Since 9001 doesn't really define anything in terms of requirements you'll probably want to spend some time putting together what it is your organization wants to do with this content. Does your organization need/want a content management system? You're referencing revisioning on documents, so I'm guessing yes. Is this going to be a one off for the engineering/manufacturing folks? You could so something like this in subversion and have reasonably simple versioning of your documents. A wiki model works if you're just trying to do knowledge capture but I'm guessing you've got structured documents you need to manage. If you've got people who are fairly technical and can handle the caveats that come with something like that it's cheap and easy. However, these types of implementations frequently turn into folks in marketing or somewhere else saying "well we have FOO over in engineering we can probably use it too", next thing you know you've got the whole company using something that was kind of cobbled together for one group. Sounds like you've already got SharePoint, it's usable but I'm not a big fan of it as a content management system. Works decently as a collaboration platform. I haven't seen their latest stuff and I know they're trying to make moves in that direction so it might be better, but at last view I was underwhelmed. It's very platform specific, the search functionality was poor, it was difficult or impossible to get a good metadata model together and security was goofy.
Try and look towards the future and see if your organization is going to need to take it up a notch in their content management needs. How complex is your security model going to be? How much content are you expecting to manage? Are you going to want a full text search capable system or would a metadata search be good enough? Think about a metadata model for your organization, then research the topic and rethink it.
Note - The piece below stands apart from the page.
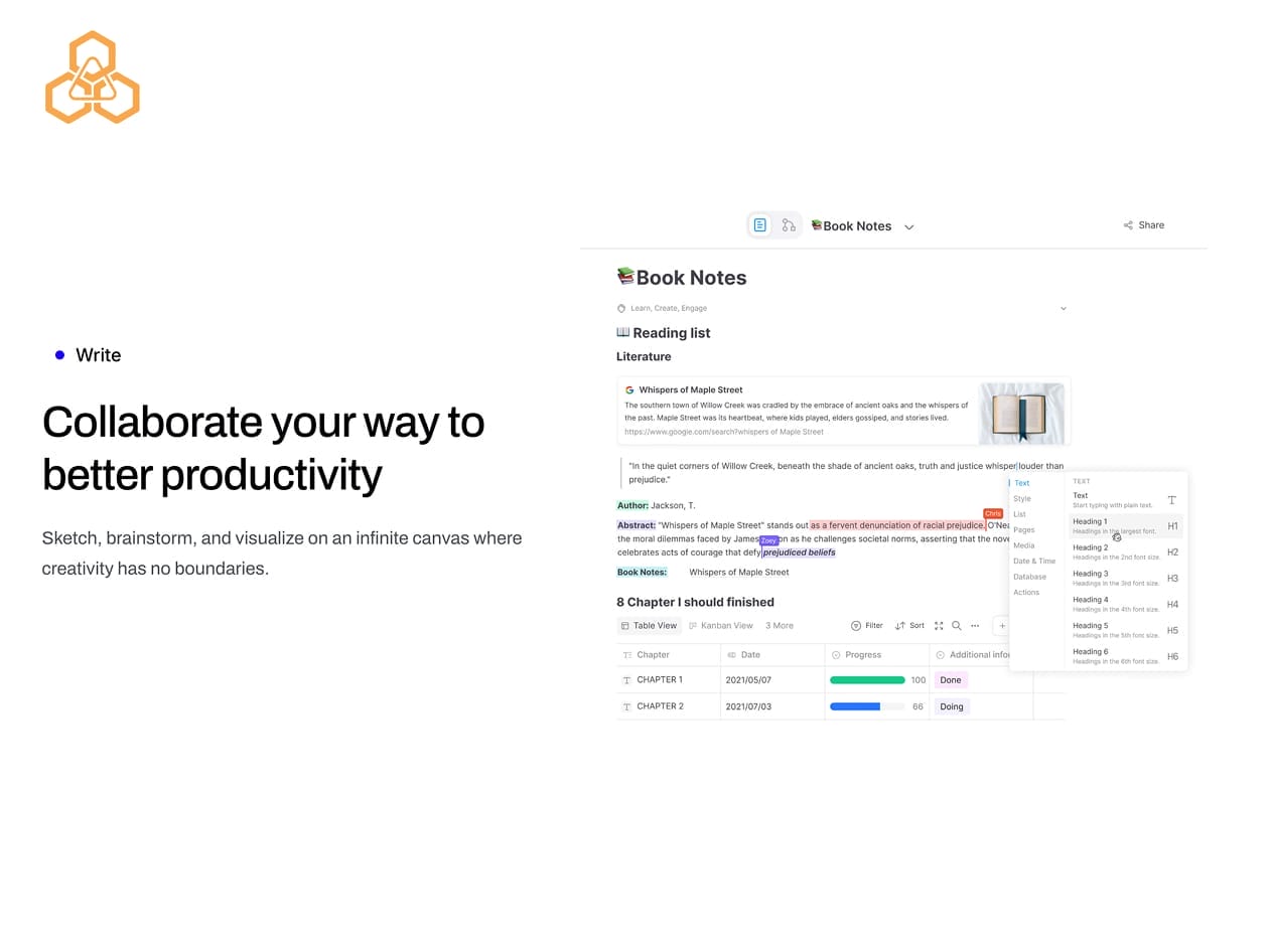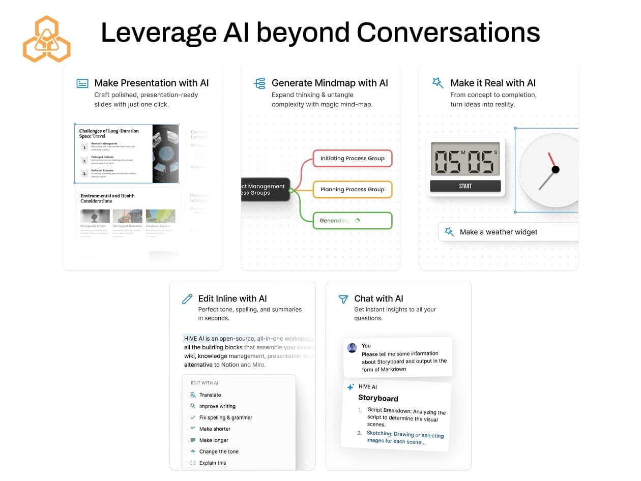 With intelligent AI features working alongside you, Hive helps you summarize, rewrite, and turn thoughts into clear action plans instantly, uncover insights faster, and refine ideas with clarity. Whether you’re mapping big concepts, planning complex projects, or simply trying to make sense of your thoughts, Hive transforms creative chaos into focused progress.
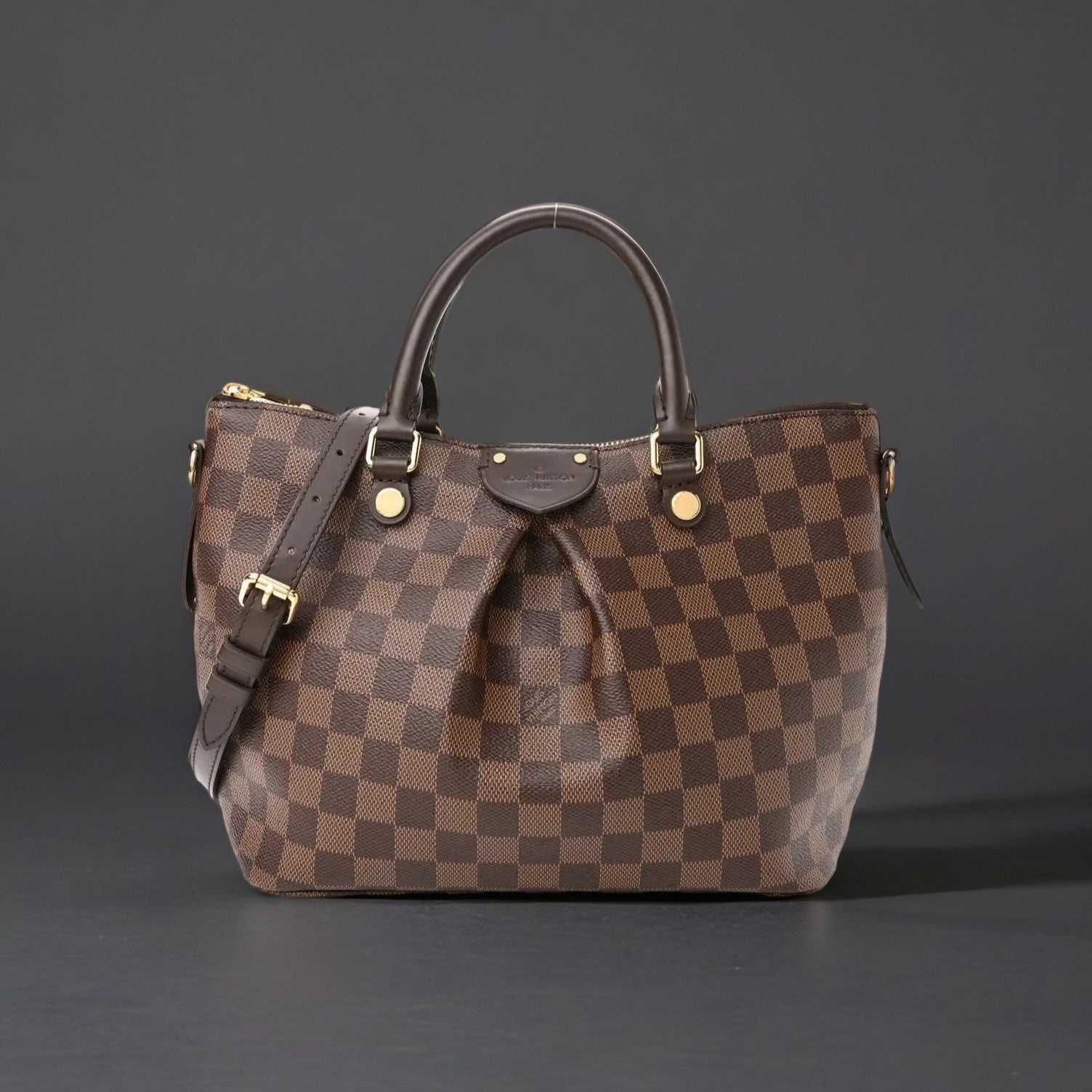 This is an authentic LOUIS VUITTON Damier Ebene Siena PM. This stylish tote is crafted of Louis Vuitton Damier on pleated, coated canvas in brown. The bag features chocolate brown leather trim, rolled top handles, and an optional, adjustable shoulder strap with polished brass hardware. The top zipper opens to a red fabric interior with patch pockets.

A good or bad metadata model can completely change the fate of a content management system implementation.
What I've seen of Alfresco I like, it's free software so if you're budget constrained or just value that type of thing you've got that going for you. Someone else mentioned Knowledge Tree for a FOSS product, I haven't touched that so I can't comment. If you're going to go commercial I really think Oracle has a great product with their UCM platform (used to work there), but it's gotten god awful expensive and they suck as a company to deal with. Documentum seems like a massive resource hog and maintenance intensive from what I've discussed with people who've done work with it. I had an install of TRIM under my care at a previous gig, HP owns them now, and that had some quirks but was generally good. If you're focusing on records management capabilities this probably deserves a closer look as that's what they kinda specialize in. OpenText is pretty highly regarded, but I haven't touched it or known anyone directly who has.